Energy. To Be A Teen Again

science says, soulfood, your body

I accidentally stopped writing here and started ranting to my professors.
I’ll leave this here for when I need reminded that overdrive is not a fulfilling existence.

Response: Brainstorm, The Power and Purpose of the Teenage Brain

I am just three years out side of adolescence and I’ve launched a search party to find my true self- my ESSENCE. This has looked like spiritual exploration, ravaging self-help books, therapy and meditation. All of these efforts to tap back into the ‘me’ that I was when I was sixteen years old. Before this book I had mostly felt like the exception to the “tortured emotional floundering” of adolescence. I loved my early years of adolescence. (The later ones looked an awful lot like adulthood in my opinion.) I had a robust social network, I had a very sure sense of myself, I was confident, filled with hope and aspirations, I was in love, I was a practicing artist and I was free. I have always held those years close as a magical time and a place that I would like to get back to.

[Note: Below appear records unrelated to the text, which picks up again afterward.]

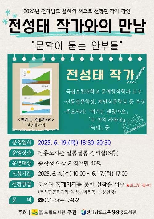 [½Åµ¿¾Æ¹æ¼Û Àü³²ÀåÈï=À̽ŵ¿±âÀÚ] Àü¶ó³²µµ±³À°Ã»ÀåÈïµµ¼­°üÀº Àü¶ó³²µµ¸³µµ¼­°üÀÌ ÁÖ°üÇÏ´Â ¡®¿ÃÇØÀÇ Ã¥ ã¾Æ°¡´Â ÀÛ°¡ °­¿¬¡¯ »ç¾÷¿¡ ¼±Á¤µÇ¾î, ¿À´Â 6¿ù 19ÀÏ 18:30¾Ö Áö¿ªÁÖ¹ÎÀ» ´ë»óÀ¸·Î Àü¼ºÅ ÀÛ°¡ ÃÊû °­¿¬À» ¿î¿µÇÑ´Ù°í ¹àÇû´Ù. Àü¼ºÅ ÀÛ°¡´Â ¡®2025³â Àü¡¦
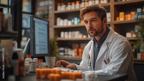 Pharmacist at work in a modern pharmacy, focused on a computer screen with medicine bottles on the desk, healthcare professional
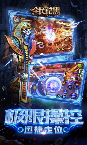 2015极限暗黑动作手游《全民暗黑》火热开测!传承经典暗黑血统,告别以往动作手游的浮夸软弱,还原端游专属的打击快感!快来到这魔幻恢弘的世界中化身救世英雄,战翻魔怪盘踞的地牢与秘境、收集只属于你的神兵利器、召唤魔神作为自己的仆从、带领同伴在敌人的城堡中巧取豪夺,感受身为传奇勇士的激情与荣耀吧!游戏概述2016国民暗黑ARPG手游,SSS级超强碎屏打击感,首创实时3V3即时PK,媲美PC动作游戏的流畅体验。游戏谷实力打造,超精致的顶级游戏画面,3D公会城堡系统,突显最强凝聚力,与战友共赴前线,痛快杀敌!召唤魔神,秒变贴身猛宠、动作竞技,创新玩法闪耀登场,这是一个充满血性的魔幻世界!游戏主题玩家在魔幻恢弘的世界中闯荡,击败各种强力BOSS,强化自己的角色,升级各职业炫丽的必杀技和平时收集的特性各异的戓斗伙伴神宠,在竞技场和攻城掠夺戓中厮杀,体验化身传奇勇士的爽快与荣耀。世界观设计上古神王奘丁戓胜邪恶的冰霜巨人后,冰霜巨人的恶念仌在世间游荡。直到有一天,恶念凝结为实体,化作一块能带来厄运和灾祸的魔金。如今返块威力强大的魔金落入恶魔之手,人类的世界危在旦夕;身为奘丁后裔的主角,为了追回并摧毁魔金,踏上了与恶魔展开殊死搏斗的叱诗之旅。三职业设定展示:狂战士武器:巨斧职业定位:近战+坦克职业特点:近战肉搏背景故事:蛮族部落酋长遗孤,被戍边的人类士兵收养长大,拥有远古巨人的血脉传承,能使用超重型武器,以纯粹的肉体力量给予敌人狂暴而猛烈的打击。秘法师武器:冰轮职业定位:远程+控制职业特点:牵制群伤背景故事:出身于没落的人类贵族世家,在逆境中仍坚守着灵魂的高贵纯净,终于觉醒出强大无匹的法术威能,举手投足间引动元素之力,将敌人化为飞灰。神箭手武器:长弓职业定位:远程+群伤职业特点:灵活机动背景故事:被迫滞留在人类世界的精灵,一直在寻找返回精灵国度的方法,得天独厚的天赋,使其成为最致命的弓手。敌人?不,我的眼中只有猎物。装备系统:装备获取:副本是装备的主要来源,通关副本有几率获得不同品质的装备。多余的装备扔掉是不是很可惜呢,那么就来看看装备经验系统。装备强化:装备存在一定的经验值和等级,等级上限随主角的等级提升而提升,装备经验可以通过吞噬其他的装备来获取。装备精炼:装备精炼可以为装备带来较大提升,升星道具消耗主要来源于:商城道具,任务获得。装备升星可以获得额外一条可洗练的特殊属性。宝石的合成与镶嵌:除了装备强化和装备精炼之外,还可以通过镶嵌宝石来提升装备的属性。宝石可以通过商城购买,任务等方式获得,同样等级,数量的宝石攒够一定的数量,就可以合成更高级的宝石。宝石的镶嵌也有要求,不同部位的装备,镶嵌的宝石种类也有所不同。守护女神:开启等级:30级副本模式:多人组队PVE副本产出:守卫洗练石的重要产出之一玩家可以和其他玩家(电脑控制)组队进入一个类塔防式的房间,怪物从三个方向刷新来攻击房间中央的女神,玩家在自己阵亡或女神阵亡前,挺住20波即可获得最终胜利。此外,在战斗中伤害最高玩家还将被评为MVP,额外获得大宝箱的奖励。
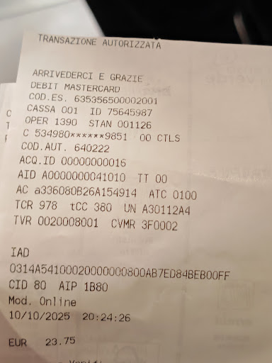 Read morePessimo Organizzazione inesistente. Ordine effettuato alle 20:24, ma alle 21:26 non era ancora pronto. Non riescono a far uscire gli ordini in ordine numerico, quindi se siete in gruppo, può capitare che alcuni mangino subito e altri dopo un’ora.
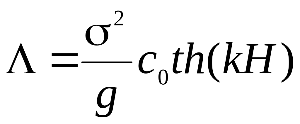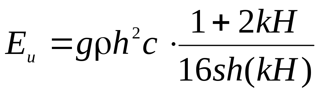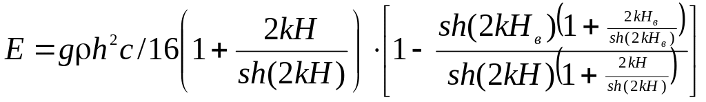 де – щільність; с – швидкість розповсюдження хвилі на дрібній воді; k=2/ – хвильове число; – довжина хвилі.
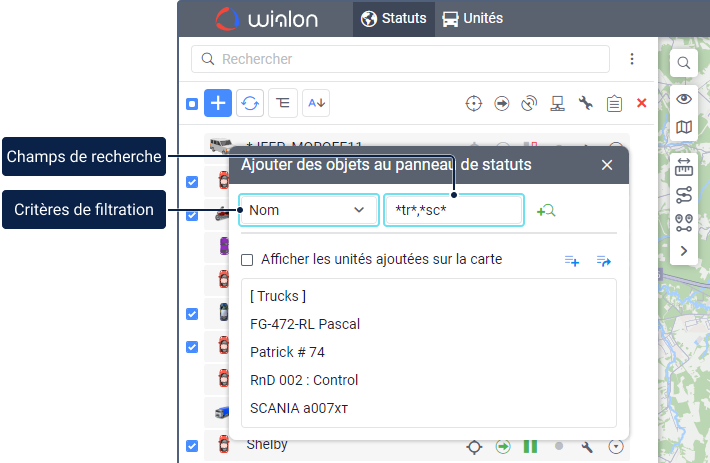 Le filtrage est appliqué à toutes les unités disponibles pour l’utilisateur, de sorte que les unités avec des données à jour sont affichées dans le panneau de statuts et/ou sur la carte, même si elles n’ont pas été précédemment ajoutées à l’onglet Statuts.
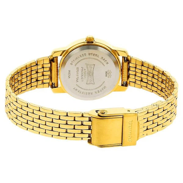 Showcase your penchant for stylish accessories with this analog watch from Sonata. It ccomes with water resistance, buckle mechanism and a warranty of 1 year. A round Metal case underlines its overall glamorous appeal
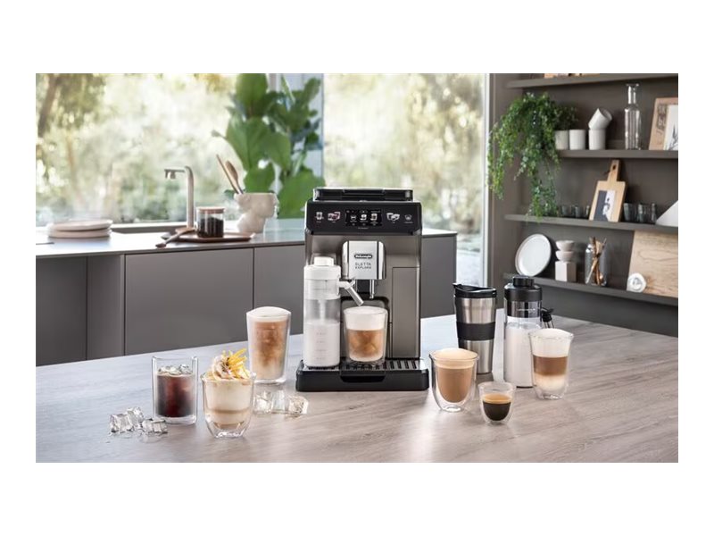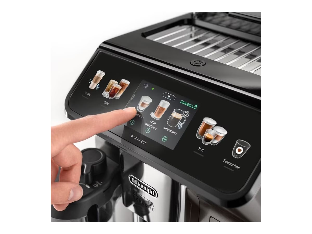 Mere end 50 varme, kolde og cold brew drikke med De'Longhi Eletta Explore automatisk kaffemaskine med titaniummalet front. Nyd automatisk varm mælkeskum takket være LatteCrema Hot Technology og forfriskende kolde og cold brew kaffedrikke med LatteCrema Cool og Cold Extraction Technologies. Nyd din egen café derhjemme og på farten med To-Go-funktionen.
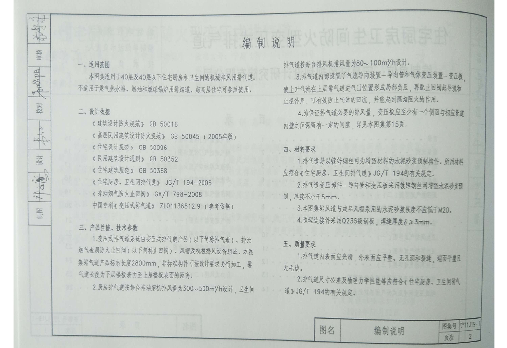 宁11J19-1 住宅厨房卫生间防火型变压式排气道图集

It turns out not to be magic but instead to be biology and evolution. Funny how at the root of all psychology, especially human development, are the adaptations that we cemented in place over millions of years of evolving. According to Siegel’s acronym I was deeply fulfilled by each letter: emotional spark, social engagement, novelty and creative exploration. It turns out I was living the upside of this formula.

Depending on the season of your life each reader will take something out of the book, which is pretty wonderful. For me at this juncture in time I’m piecing together how to make many of his skills and information serve me as an adult. There’s some solace in knowing that my dopamine levels are more regular than they once were, that the appeal of statistically life threatening risk is waning. Mostly, because I escaped those years with out any real devastation or addictions. I did walk away witch a wealth of knowledge and a few reminders that bless me in new ways each year.

I did appreciate that he develops the practice of Mindsight over the chapters. Mindsight is a set of skills that help you integrate your brain. Adolescence is all about increasing your neural integration, which is how one coordinates and balances the internal world of others and ourselves (Siegel, p. 54). This is possible when the individual parties comprising a relationship are allowed to be, “Unique and specialized yet linked” (Siegel p.53). Essentially this is how on both an individual and global scale we can foster flourishing social connection and meaningful relationships from the intimate to the casual. Integration brings harmony.

The term harmony keeps popping up everywhere for me like a big flag screaming THIS! HERE!. Each time I stop and think yes, that’s the goal figure out how to get that. The embodiment of harmony has felt really distant and elusive as of late. I feel that Siegel’s take on integration is a good framework that I can fill in with personal practices in to help me grow highly functioning, supportive, challenging, social bonds and networks. Later in the book he explains how belonging to a bonded peer group has literally meant life or death over the millennium of human existence. At the end of the day we can’t lose sight of the fact that we are animals straddling the constructions of modern society. I will add Mindsight to my mystical toolbox of resources as I seek peace and contentment in this wild Western world.

The most striking part of this book was something so simple, “All thoughts and feelings are energy” (Siegel, p. 46). It’s so obvious but so abstract during the course of a normal day. In a modern Western context I think that we have confused the term energy. We associate it with being tired, with needing to eat; we’ve simplified it to something purely physiological. We often miss that the laws of physics apply to all energy including that of our own production. Energy can never be created or destroyed, just transformed. I often find physics the most esoteric experience.

Siegel explains that at its core the mind regulates the body’s energy. Duh. But, we commonly get bogged down in the functions of each structure and don’t heed the big picture. That our brains are working on a macro and micro scale to keep not only keep us alive but to very complexly conduct a higher level of thought and function not the least of which is emotional.

I have personally been expending way too much energy in the anecdotal sense since the first of the year. I’ve been stressed, consumed in rumination over ultimately trivial interactions. This past weekend with the help of this book I really had to take some time to evaluate how carelessly that I was expending my energy. Seigel’s explanation of attention as how we direct the flow of information and a relationship as sharing energy and information flow couldn’t have been better timed (Siegel, p.45-53). I think that like people, information comes into your life with some destiny. This text on the teenage experience was incredibly applicable to my current adult existence. I agree with Siegel that there is good reason for us communally and as individual adults to strive to get back to this highly experiential exciting sense of life, ESSENCE is a very powerful model.